In order to achieve the purpose, the invention adopts the technical scheme that:

a polypeptide sequence specifically binding to the avian bursal disease virus VP2 protein is SERWDN.

The polypeptide sequence comprises the polypeptide sequence as a core, and any corresponding adjustment or modification is carried out on the polypeptide sequence; modifying materials include, but are not limited to, nanomaterials, fluorescent materials, enzymes, biotin, and specific proteins.

The polypeptide sequence is applied to the rapid detection, purification and vaccine of the avian bursal disease virus VP2 protein.

The polypeptide sequence is used for identifying the avian bursal disease virus VP2 protein, including but not limited to enzyme-linked immunosorbent assay (ELISA) detection.

The polypeptide sequence is applied to quantitative and qualitative detection of the avian bursal disease virus VP2 protein antigen.

The invention has the beneficial effects that:

1. the invention obtains a polypeptide sequence specifically combined with the avian bursal disease virus VP2 protein based on the crystal structure (PDB ID:2DF7) of the avian bursal disease virus VP2 protein by a molecular docking virtual screening technology, wherein the polypeptide sequence is SERWDN, namely IBDVL 9-15. Synthesizing polypeptide IBDV L9-15 by solid-phase synthesis method, performing affinity identification with avian bursal disease virus VP2 protein, and determining equilibrium dissociation constant K of interaction between IBDV L9-15 sequence and artificially expressed IBDV VP2 protein_DIs 4.37 multiplied by 10^-6M, i.e.4.37 uM, indicates better affinity.

2. Due to the limitation of IBDV VP2 protein purification technology, an antibody aiming at IBDV VP2 protein is difficult to obtain, and the IBDV L9-15 sequence designed by the invention well solves the problem and realizes rapid artificial synthesis and low-cost detection.

3. The designed IBDV L9-15 sequence can be combined with artificially expressed IBDV VP2 protein and natural IBDV, has no cross reaction with other virus proteins, and has good specificity.

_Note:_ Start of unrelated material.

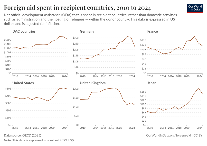 Simon van Teutem, Hannah Ritchie, and Pablo Arriagada (2025) - “How much foreign aid is spent domestically rather than overseas?” Published online at OurWorldinData.org. Retrieved from: 'https://data-measles-pipeline-fix.owid.pages.dev:8789/20260223-070107/foreign-aid-domestic-overseas.html' [Online Resource] (archived on February 23, 2026).BibTeX citation

4. Compared with the traditional phage screening polypeptide library, the invention has the characteristics of simplicity, rapidness and low cost; by the molecular docking virtual screening technology, better theoretical guidance can be provided for realizing the IBDV VP2 protein structure function analysis.

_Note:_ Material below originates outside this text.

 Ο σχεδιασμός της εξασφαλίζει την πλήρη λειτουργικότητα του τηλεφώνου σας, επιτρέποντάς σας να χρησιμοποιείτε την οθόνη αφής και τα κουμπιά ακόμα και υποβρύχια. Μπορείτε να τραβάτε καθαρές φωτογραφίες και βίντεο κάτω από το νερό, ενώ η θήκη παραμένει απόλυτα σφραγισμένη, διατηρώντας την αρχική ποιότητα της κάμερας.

5. Compared with the process of obtaining the protein-specific antibody by immunizing the artificially expressed and purified protein, the method has the advantages of simple operation, time and labor saving, low cost and the like; by marking the screened IBDVL9-15 sequence, the qualitative and quantitative rapid detection of the IBDVVP2 protein can be realized.

Drawings

FIG. 1 shows the docking results of the IBDVL9-15 sequence with Cap protein.

FIG. 2 shows the result of the LSPR affinity identification of the sequence IBDV L9-15 and the artificially expressed IBDV VP2 protein.

Wherein the ordinate represents the signal value detected by the sensor; the abscissa represents the time of interaction of the sample in the sensor.

FIG. 3 shows the results of ELISA identification of the sequence of IBDV L9-15 and the artificially expressed IBDV VP2 protein.

FIG. 4 shows the result of ELISA identification of the sequence of IBDV L9-15 and artificially inoculated IBDV.

Detailed Description

The following examples further illustrate the embodiments of the present invention in detail.